For decades, organizations have sought to create a single source of truth that can feed spreadsheets, dashboards, and business intelligence apps to make better, more consistent, data-driven decisions. However, that goal has proven elusive. This article will examine SSOT’s idealistic goals and harsh realities as well as how federating data architectures into a single source of access comes closest to that unified data paradise.

SSOT in Data Management

An SSOT’s value to analytics is an intuitive concept. When stakeholders across the organization use the same piece of information, fully understanding its provenance and underlying assumptions, they are less likely to miscommunicate. For example, Sales, Finance, and Compensation teams must use the same data points to calculate performance metrics, report revenue, and pay commissions.

A single source of master data would benefit other areas of the business, particularly data management.

Data Quality and Accuracy

In theory, an SSOT simplifies data quality management. Data integration pipelines only need to touch data once to address discrepancies, inconsistencies, and other quality issues. Clean, accurate, and consistent data reduces engineering teams’ workloads. For example, when the SSOT’s data formats and values meet users’ expectations, engineers spend little time developing additional processing pipelines.

In practice, ingestion processes are more complex and users’ expectations are less consistent. Data sources can change schemas without notice, forcing engineering teams to spend considerable time maintaining pipelines into the data warehouse. Data consumers’ requirements always require additional processing, adding demands on engineer’s busy schedules. Furthermore, meeting data quality standards is time-consuming, so decision-makers receive old, obsolete data.

Centralized data management

Centralizing data management within an SSOT should simplify workflows by creating a standard reference for all users and applications in the organization. The complexities of heterogeneous data architectures get addressed at ingestion. Once in the SSOT, data is ready to use with a shared understanding of provenance, lineage, formatting, and other properties. This reliability would let data teams apply API-based software development practices and automations to streamline data flows throughout the organization.

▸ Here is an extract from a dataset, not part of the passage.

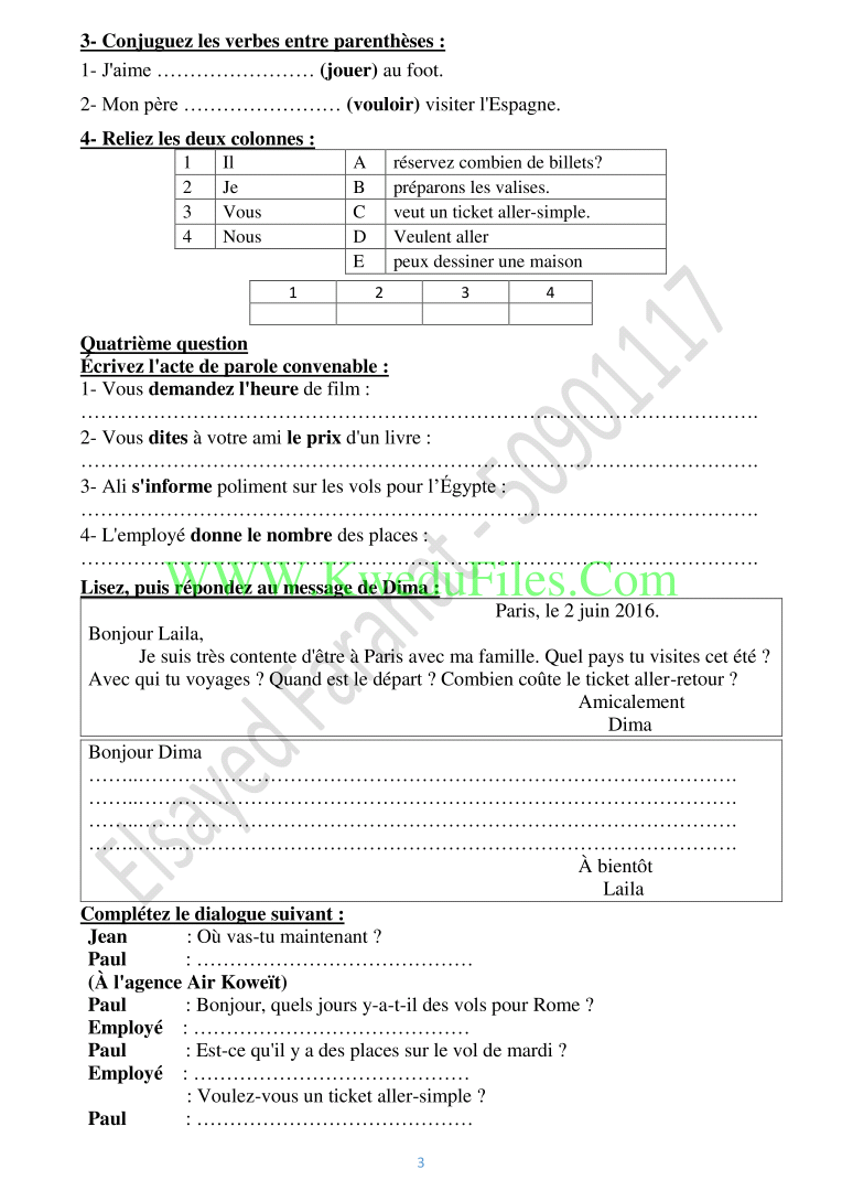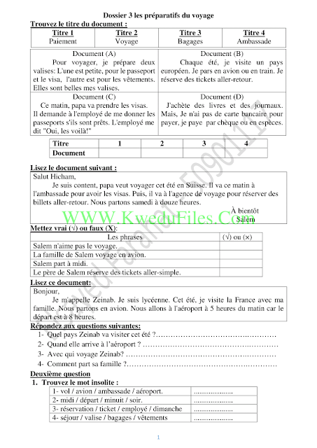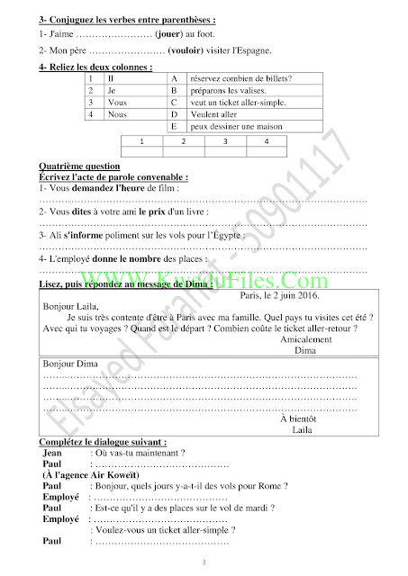 نموذج اختبار للوحدة الثالثة في مادة اللغة الفرنسية

However, this consolidation has never been possible. The predefined schemas of data warehouses worked when most data sources output structured data. Business insights are more likely to come from analyses of unstructured data that warehouses cannot handle. Data lakes promised to hold any type of data at internet scale, but enterprise data’s volume, velocity, and variety makes storing everything in one place cost-prohibitive.

As a result, developing and maintaining complex pipelines continues to be as much an art as a science. Engineers must correctly interpret data consumers’ requirements — assuming, of course, consumers truly know their requirements — and then build models to blend data from the warehouse and other sources. This labor-intensive iterative process as consumers refine their requirements in response to each dataset.

Regulatory Compliance

Improved data governance and regulatory compliance is another SSOT promise that never quite pans out. A central repository for all data allows for a central governance regime controlling access. An SSOT would clearly define the location, sensitivity, and regulatory exposure of every piece of information it stores. Governance systems would then assign permissions limiting data access to only authorized users. For example, governance policies would apply GDPR-compliant privacy policies to customer data collected in the European Union.

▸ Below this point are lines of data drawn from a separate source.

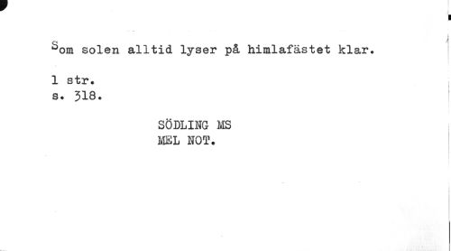 //// <1 //// t //// Q e ' //// Dom solen alltid lyser pa himlafästet klar» //// 1 str» s. 318. //// SÖDLING MS MEL NOT. //// i //// i l ////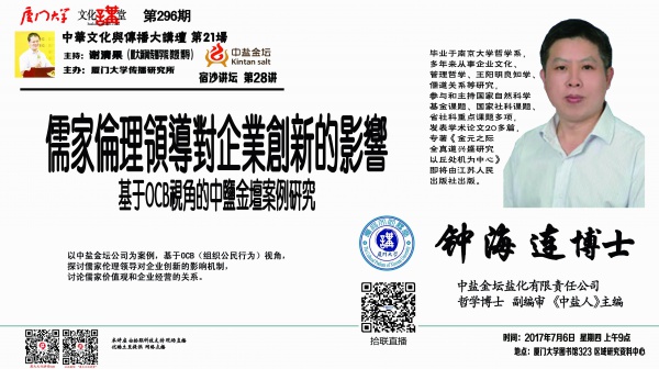 7月6日上午,文化讲堂(296)钟海连:儒家伦理领导对企业创新的影响:基于OCB视角的中盐金坛案例研究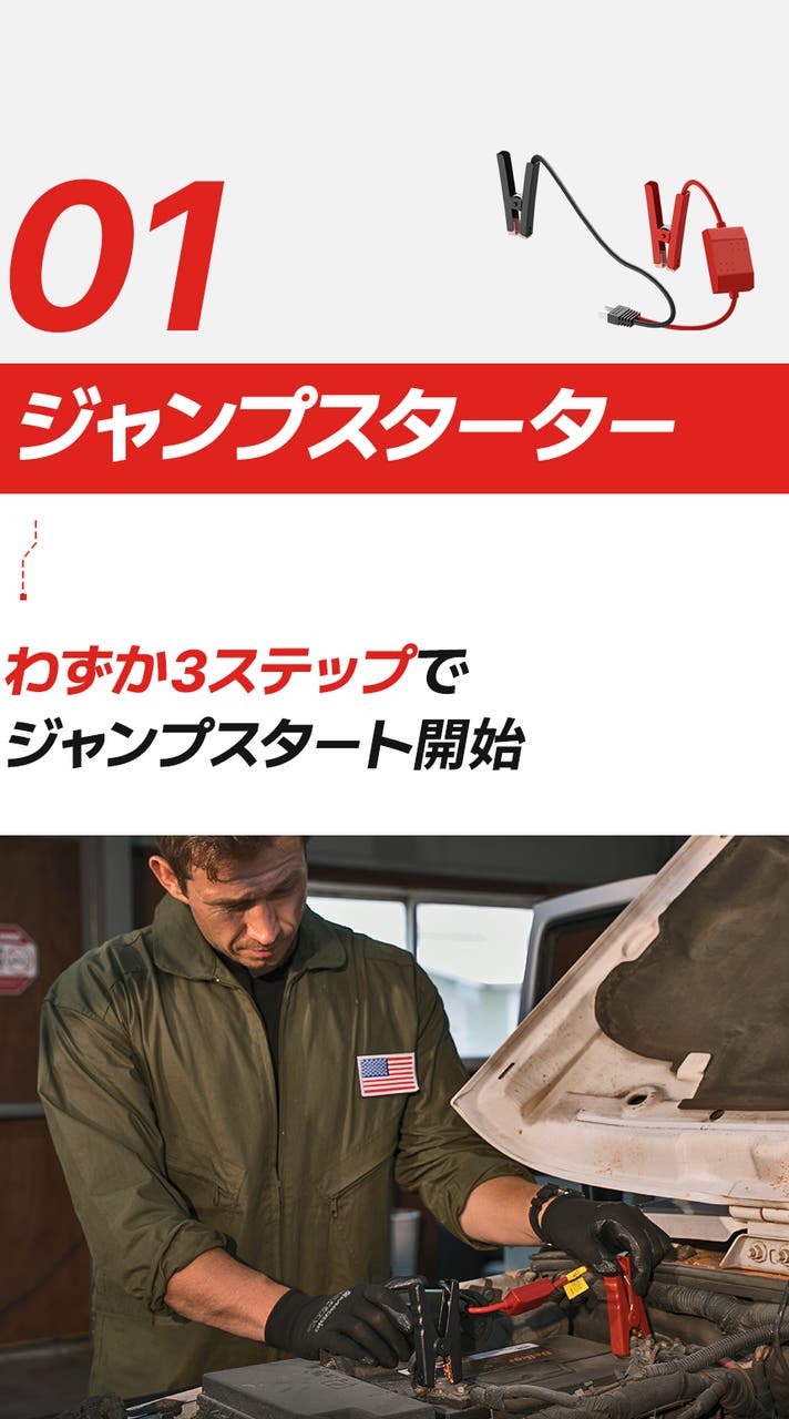 最大6.0Lガソリン / 3.0Lディーゼルエンジン対応のジャンプスターター、

An SSOT would also simplify compliance monitoring and auditing since data would be accessible in only one system that generates access and activity logs to describe the organization’s compliance status.

In reality, governance and compliance are not that easy. Data ownership in mid-to-large enterprises resides within central data teams, business domains, and geographical regions. Organizational resistance, geographical limits, and performance constraints work against monolithic systems. Real-world governance requires coordination between centralized and decentralized structures.

Centralized and decentralized data strategies can co-exist

Although the platonic ideal of a single source of truth is impossible to achieve, the benefits it promises are worth pursuing. Strategies can balance the advantages of centralized data with the realities of decentralized infrastructure and ownership to streamline workflows, optimize data engineering practices, and enhance analytics.

Data warehouses vs. data lakes

Most companies’ first attempt to create a single source of truth is a data warehouse. As discussed earlier, warehouses cannot store the variety of data businesses today use to drive decision-making. The warehouse’s inflexible predefined schemas resist evolving with changing business priorities. Finally, many data warehouse implementations depend on proprietary solutions that lock companies into expensive, difficult-to-scale technologies.

Data lakes promised to address data warehouse weaknesses by creating a central repository of all types of data running on commodity cloud storage services. However, the data lake’s rudimentary metadata and lack of analytics required a patchwork of additional technologies. Secondary data warehouses would copy data from the data lake to make analytics accessible — creating multiple sources of “truth” in the process.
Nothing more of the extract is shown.